Изменить размер шрифта - +
Стругацкие же всей мощью своего таланта обрушились на мещанина. И раз, и два, и три…

Да если бы только фантастика на него, беднягу, окрысилась! Все искусство середины 60-х, казалось, нашло врага унутреннего, который сорвал Семилетку. От «Иду на грозу» до кретинических частушек про ханыг в узких брючках, увиливающих от ударных сибирских строек… Гореть нужно, товарищи, гореть душой и телом, не думая ни о себе, ни о ближних своих, ни о завтрашнем дне — только о светлом будущем, и тогда оно наступит непременно! Спать на раскисшей глине, есть помои — но задуть домну на пять дней раньше планового срока! А от домны, вы же понимаете, и до светлого будущего рукой подать…

И какие-то страшно знакомые нотки звучали в этом хоре.

«Глупый пингвин робко прячет тело жирное в утесах…»

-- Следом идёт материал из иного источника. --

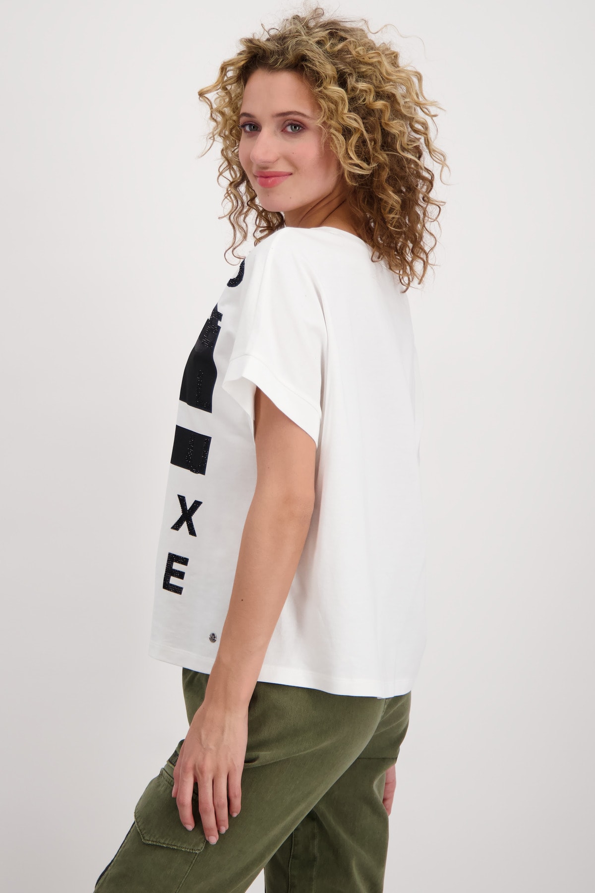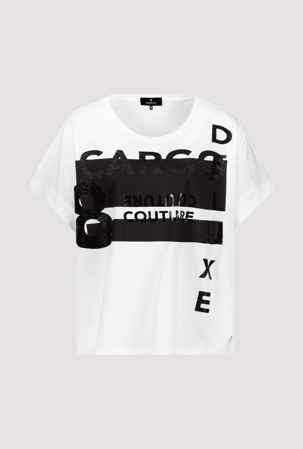 На сайте указаны российские размеры. Футболка из джерси с половиной рукавов, круглым вырезом и принтом. Сочетание контрастных букв из сверкающих стразов, блесток и глянцевого лакированного принта в сочетании с двумя контрастными цветными принтами спереди делает рубашку из джерси monari вашим новым любимым компаньоном. Форма: прямой крой со вставкой и оверлочным швом в тон по круглому вырезу горловины и предполагаемому, накладывающемуся короткому рукаву с манжетами на концах рукавов. Сочетание высококачественного хлопка и модала также гарантирует комфорт в течение всего дня. Модель ростом 176 см. Длина спины 44 размера составляет 62 см.

И — дальше, глубже… «Но недаром сказ ведется, что лишь дурням клад дается…» Старшие братья Ивана-дурака, живущие только обыденным трудом и потому проспавшие маму Конька-Горбунка… Зажиточные соседи Емели, никак не верившие, что печка поедет… Не верившие.

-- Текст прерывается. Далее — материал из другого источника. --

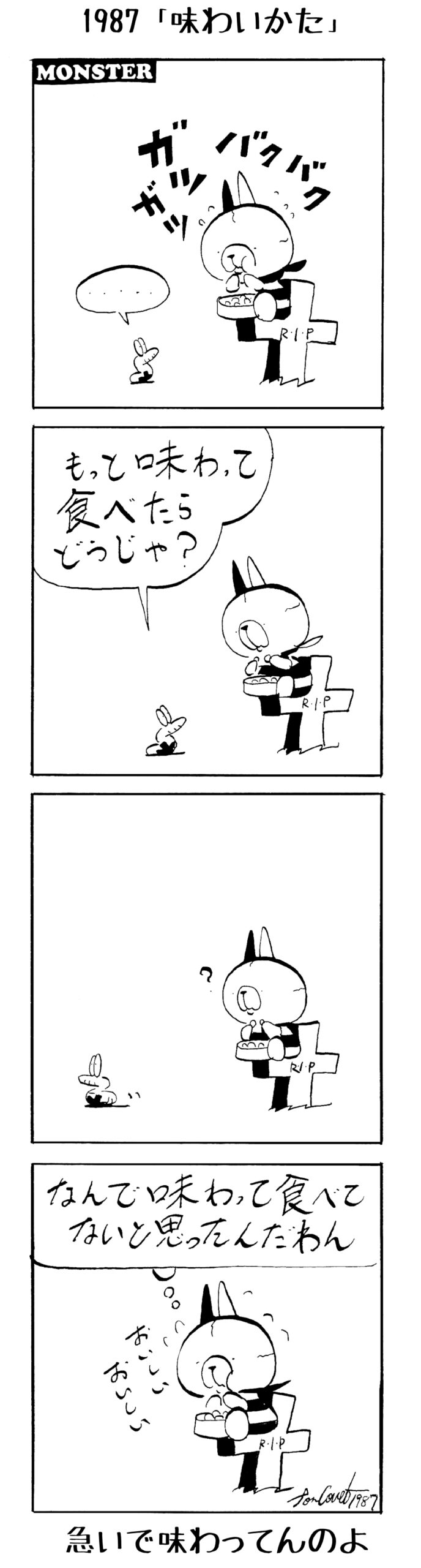 本ブログの永遠のメインコンテンツ。2016年10月31日より連載開始。毎日更新中の4コマ漫画です。あの世とこの世の近い町スプリングウェルにて繰り広げられるモンスターたちの何処かゆるい日常、辛くともたくましく暮らす彼らの活躍無き活躍をご覧ください。

«И по вере вашей воздастся вам…» «Не любите мира, ни того, что в мире…» «Кто миру друг, тот Богу враг, и кто миру враг, тот Богу друг…»

Ох, архетипы, архетипы.

Отчего одни и те же новозаветные тексты оказали на православную и западноевропейскую цивилизации столь разное воздействие — отдельный вопрос, и не в нем нам сейчас разбираться. Но факт остается фактом: пригвождая к позорному столбу каких-нибудь рыбарей, Стругацкие, овеществляя свое к ним отношение, так изображали их, что неизменно оказывались правы, рыбари не заслуживали ничего, кроме позорного столба; но на деле Стругацкие воевали против советского аналога тех самых славных простых ребят со всеми их слабостями, которые в американской фантастике — у Саймака, например, — столь же неизменно раз за разом спасали мир.

Но ведь чем-то же отличаются, как ни крути, эти аналоги? Отличаются Гай Гаал из «Обитаемого острова» или Гаг из «Парня из преисподней» от саймаковских Паркера из «Почти как люди» или Картера из «Все живое»?

Да. Тысячу раз да. Они одурманены тоталитарной пропагандой.

Ага.

Значит, мещанин не сам по себе мешает достичь светлого будущего — которое год от года становилось не то что менее светлым, но явно более далеким, проваливаясь куда-то в невидимость. С мещанином как таковым мы бы справились. В крайнем случае сманили бы у него детей в какой-нибудь звездный лепрозорий… закрытый пионерлагерь «Квант»… Мещанин страшен потому, что тоталитарное общество не может без него, оно паразитирует на нем и потому культивирует его. Пока существует тоталитарное общество, оно будет плодить, множить и оберегать от немещан тех, кто не любит любить, а любит стрелять, не любит познавать, а любит унижать познающих, не любит создавать, а любит разрушать…

Конечно, не Стругацкие это открыли. Уже были Солженицын и Сахаров, уже были Новочеркасск и Чехословакия. Но — для единиц. А на рубеже 70-х уже и массовое сознание той части интеллигенции, которая сохранила способность болеть за страну, стало медленно поворачиваться в этом направлении. Тоска по социальному идеалу неизбежно начинала вызывать ненависть к той системе, которая не дает идеала достичь.

Колесо судьбы свершило свой оборот. Долой самодержавие. А еще дальше в глубь веков: Антихрист на троне.

Ефремов пишет «Час Быка».

Уникальный, удивительный по эмоциональной убедительности и привлекательности XXII век Стругацких нечувствительнейшим образом трансформируется. В «Жуке в муравейнике» все светлые детали, перекочевавшие из «Возвращения», «Далекой Радуги», «Парня» выглядят как кумачовые транспаранты из «Победителей недр» какого-нибудь Адамова; они начисто лишены эмоционального насыщения.